Menurut Rahman, salah satu PNS di Dinas Pendidikan, ia urung mengambil gaji akibat membludaknya antrean ATM dan meja teller. Kendati membutuhkan gajinya, terpaksa dibatalkannya karena takut ATM ditelan mesin yang sudah ‘lelah’ akibat penarikan besar-besaran para guru.

“Sebentar lagi lah, paling besok malam sudah bisa mengambil gaji, masih melihat situasi,” katanya.

Dia memperkirakan, penerapan gaji melalui kartu pegawai elektronik cukup menyulitkan guru yang tidak akrab dengan ATM dan perbankan, Rahman mengaku kasihan melihat guru-guru senior harus keleletan dan sering minta bantu rekannya  di mesin uang untuk mengambil sendiri gajinya.

Keruwetan serupa diucapkan Ahmad Kusasi, guru senior yang biasa mengambil kontan gajinya melalui bendahara di sekolahnya  harus meninggalkan siswanya. Perubahan kultur penggajian ini mengakibatkan sesama guru saling bertanya dan menumpuk di emperan bank dan dipintu ATM.
“Coba pian lihat, mereka yang ingin ambil gaji manual melalui teller saling bertanya. Padahal hanya mengisi slip pengambilan,” ujarnya menunjuk beberapa guru yang duduk di emperan pintu masuk BPD Barabai.
 
Menurutnya, selama ini guru tidak perlu repot hanya mengambil gaji, karena sudah terwakili dari bendahara sekolah mewakili sekolah. Penerapan KPE ini sedikit repot, saat mengambil gaji guru belum termasuk  potongan koperasi dan iuran PGRI.

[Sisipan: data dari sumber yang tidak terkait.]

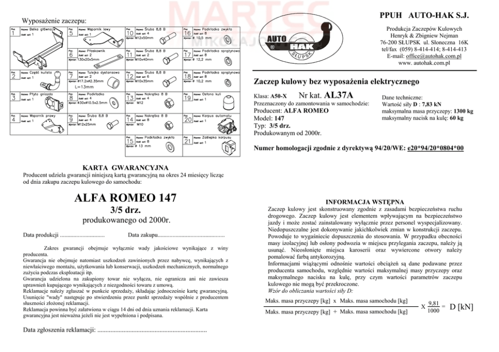 PPUH AUTO-HAK S.J. WyposaŜenie zaczepu: Produkcja Zaczepów Kulowych Henryk & Zbigniew Nejman 76-200 SŁUPSK ul. Słoneczna 16K tel/fax (059) 8-414-414; 8-414-413 E-mail: [email protected] www. autohak.com.pl Zaczep kulowy bez wyposaŜenia elektrycznego AL37A Klasa: A50-X Nr kat. Przeznaczony do zamontowania w samochodzie: Producent: ALFA ROMEO Model: 147 Typ: 3/5 drz. Produkowanym od 2000r. Dane techniczne: Wartość siły D : 7,83 kN maksymalna masa przyczepy: 1300 kg maksymalny nacisk na kulę: 60 kg Numer homologacji zgodnie z dyrektywą 94/20/WE: e20*94/20*0804*00 KARTA GWARANCYJNA Producent udziela gwarancji niniejszą kartą gwarancyjną na okres 24 miesięcy licząc od dnia zakupu zaczepu kulowego do samochodu: ALFA ROMEO 147 3/5 drz. produkowanego od 2000r. Data produkcji .............................. Data zakupu............................................. Zakres gwarancji obejmuje wyłącznie wady jakościowe wynikające z winy producenta. Gwarancja nie obejmuje natomiast uszkodzeń zawinionych przez nabywcę, wynikających z niewłaściwego montaŜu, uŜytkowania lub konserwacji, uszkodzeń mechanicznych, normalnego zuŜycia podczas eksploatacji itp. Gwarancja udzielona na zakupiony towar nie wyłącza, nie ogranicza ani nie zawiesza uprawnień kupującego wynikających z niezgodności towaru z umową. Reklamacje naleŜy zgłaszać w punkcie sprzedaŜy, składając jednocześnie kartę gwarancyjną. Usunięcie "wady" następuje po stwierdzeniu przez punkt sprzedaŜy wspólnie z producentem słuszności złoŜonej reklamacji. Reklamacja powinna być załatwiona w ciągu 14 dni od dnia uznania reklamacji. Karta gwarancyjna jest niewaŜna jeŜeli nie jest wypełniona i podpisana. Data zgłoszenia reklamacji: ................................................................... INFORMACJA WSTĘPNA Zaczep kulowy jest skonstruowany zgodnie z zasadami bezpieczeństwa ruchu drogowego. Zaczep kulowy jest elementem wpływającym na bezpieczeństwo jazdy i moŜe zostać zainstalowany wyłącznie przez personel wyspecjalizowany. Niedopuszczalne jest dokonywanie jakichkolwiek zmian w konstrukcji zaczepu. Powoduje to wygaśniecie dopuszczenia do stosowania. W przypadku obecności masy izolacyjnej lub osłony podwozia w miejscu przylegania zaczepu, naleŜy ją usunąć. Nieosłonięte miejsca karoserii oraz wywiercone otwory naleŜy pomalować farbą antykorozyjną. Informacjami wiąŜącymi odnośnie wartości obciąŜeń są dane podawane przez producenta samochodu, względnie wartości maksymalnej masy przyczepy oraz maksymalnego nacisku na kulę, przy czym wartości parametrów zaczepu kulowego nie mogą być przekroczone. Wzór do obliczania wartości siły D: Maks. masa przyczepy [kg] x Maks. masa samochodu [kg] Maks. masa przyczepy [kg] + Maks. masa samochodu [kg] X 9,81 = 1000 D [kN] INSTRUKCJA MontaŜu i eksploatacji zaczepu kulowego Oznaczenie zacisku wg ISO PN 1 L 2 + 3 31 4 R 5 58R 6 54 7 58L 12 6 X 5 A G Kolejność czynności przy montaŜu 1. Łączenie przewodów Do świateł kierunku jazdy lewych Tylne światła przeciwmgłowe Do masy pojazdu Do świateł kierunku jazdy prawych Do świateł pozycyjnych prawych Do świateł hamowania Do świateł pozycyjnych lewych 12 C 10 B 11 X 12 H 4 F 3 7 E 6 9 D 2 1 20 Zaczep kulowy przeznaczony jest do zamontowania w samochodzie: ALFA ROMEO 147, 3/5 drz., produkowanym od 2000r., numer katalogowy AL37A i słuŜy do ciągnięcia przyczep o masie całkowitej 1300 kg i nacisku na kulę max 60 kg. OD PRODUCENTA Dziękujemy za wybór produkowanego przez naszą firmę zaczepu kulowego. Jego niezawodność została potwierdzona licznymi testami oraz opiniami zadowolonych klientów. JednakŜe niezawodność zaczepów kulowych jest zaleŜna równieŜ od prawidłowego montaŜu oraz prawidłowej eksploatacji. Z tego powodu prosimy Państwa o staranne przeczytanie niniejszej instrukcji montaŜu oraz przestrzeganie zawartych wskazówek. Zaczep naleŜy zamontować w miejscach do tego celu przeznaczonych przez producenta samochodu. W celu zamontowania zaczepu naleŜy: - zdemontować zderzak, tłumik, blachę Ŝaroodporną (aluminiową), wykładzinę z podłogi bagaŜnika oraz panele boczne i z tylnej ściany. 2. Usunąć masę wygłuszającą z prawej i lewej strony bagaŜnika, pod którą znajdują się fabrycznie zapunktowane miejsca (po jednym z lewej i prawej strony), naleŜy je przewiercić wiertłem ø10mm. 3. Do tak przygotowanych miejsc przyłoŜyć wsporniki zaczepu (poz. 4 - prawa strona i poz. 5 - lewa strona). W/w elementy naleŜy wystającymi kołkami stabilizacyjnymi oznaczonymi na rysunku „X” nałoŜyć na uprzednio wywiercone otwory ø10mm. 4. Wsporniki (poz. 4 i 5) ułoŜyć bardzo starannie, a następnie przez otwory (poz. A,B,C,D,E i F) wywiercić otwory ø11mm, a przez otwory (poz. G i H) ø13mm. 5. Przez otwory (poz. B i D) od zewnętrznej strony tylnego płata rozwiercić wiertłem ø17mm, a następnie wsunąć w te otwory tulejki dystansowe ø17mm, L=13mm. 6. Od spodu samochodu przyłoŜyć belkę główną zaczepu (poz. 1) i skręcić śrubami M12x50mm (poz. 10) oraz wszystkie pozostałe elementy patrz rys. 7. Zamontować blachę Ŝaroodporną, tłumik, zderzak oraz pozostałe elementy uprzednio zdemontowane. 8. Przykręcić korpus automatu (poz. 20) śrubami M12x25mm (poz. 9) wraz z blachą pod gniazdo (poz. 3). Zamocować kulę zgodnie z instrukcją dołączaną do zaczepu z końcówką szybkodemontowalną. 9. Dokręcić wszystkie śruby z momentem jak pokazano w tabeli. 10. Podłączyć przewody gniazdka 7 – bieg. do instalacji elektrycznej zgodnie z instrukcją fabryczną samochodu (zaleca się wykonanie w ASO). 11. Uzupełnić ewentualne ubytki powłoki malarskiej zaczepu powstałe w trakcie montaŜu. Zalecany moment skręcający dla śrub i nakrętek 8,8: M6 - 11 Nm M8 - 25 Nm M10 - 50 Nm M12 - 87 Nm M14 - 138 Nm M16 - 210 Nm UWAGA Po zamontowaniu zaczepu kulowego naleŜy uzyskać wpis w dowodzie rejestracyjnym pojaz

”Setelah ambil gaji kami baru membayar ulang potongan koperasi, ini kan merepotkan,” tambah Kusasi.
 
Dua orang guru yang mengantre di ATM bersama di depan Kantor Bupati HST yang mengajar di salah sekolah di pegunungan di Hantakan dan Batang Alai Selatan mengatakan, secara jujur cukup kerepotan turun gunung bersama beberapa rekannya. Biasa guru yang mengajar di gunung jarang ke Barabai hanya mengurus gaji karena sudah diwakilkan oleh bendaraha.
 
“Hari ini kami bertiga ke Barabai, siswa harus kami tinggal lebih awal,” kata salah guru di salah satu sekolah dasar di Hantakan yang tidak mau namanya dikorankan karena tidak enak hati meninggalkan siswanya hanya karena mengambil gaji.
 
Salah satu guru yang mengajar di Batang Alai Selatan juga mengatakan hal yang sama, ia memperkirakan, bakal tiap bulan dan pada tanggal tertentu turun gunung hanya mengambil duit gaji di ATM.

”Kasihan teman yang mengajarkan di atas gunung yang lebih jauh dari kami, mereka harus jalan kaki dulu, setelah itu baru naik motor lagi ke Barabai sekadar ambil gaji,” ucap pria yang juga namanya enggan diekspose dengan alasan yang sama.

Prioritas penerapan KPE di HST di awal 2012 dikhususkan hanya untuk guru dan bertahap bagi PNS yang lain. Sementara, beberapa PNS di SKPD lain masih ambil gaji manual, seperti Lia, perempuan yang bekerja di RSUD H Damanhuri ini masih mendapat gaji tanpa antre di kantornya.
”Saya masih ambil kontan di kantor, tanggal 9 sudah gajian,” terangnya singkat, kemarin.
 
Penerapan KPE bukan tanpa cela, Syamsuddin Arsyad salah satu tokoh masyarakat mengaku kaget. Implementasi KPE tidak didukung infrastruktur cukup, lemahnya bidang pelayanan mengakibatkan perburuan uang gaji di ATM sangat mengganggu proses belajar mengajar di sekolah-sekolah.
Disatukannya pembayaran gaji menggunakan ATM bersama sejatinya memberikan kemudahan dan praktis dan dari administrasi, namun imbasnya guru harus meninggalkan ribuan siswanya di sekolah pada hari bersamaan.
 
Jika dihitung siswa SD /MI se HST 25.810 SLTP/MI sederajat 5.695 siswa, dan diambil setengahnya saja siswa terlantar, tentu merugikan daerah.
Ia tidak yakin jumlah ATM di Barabai mencukupi untuk menerima penarikan tunai sebanyak 3.600an tenaga pendidik di hari yang sama. Jika dirata-ratakan dana terisi penuh di anjungan tunai mandiri Rp 400 juta, dan tiap guru ambil tunai sebanyak Rp 2 juta, tentu membutuhkan uang segar Rp 7,2 miliar atau sebanyak 18 unit ATM.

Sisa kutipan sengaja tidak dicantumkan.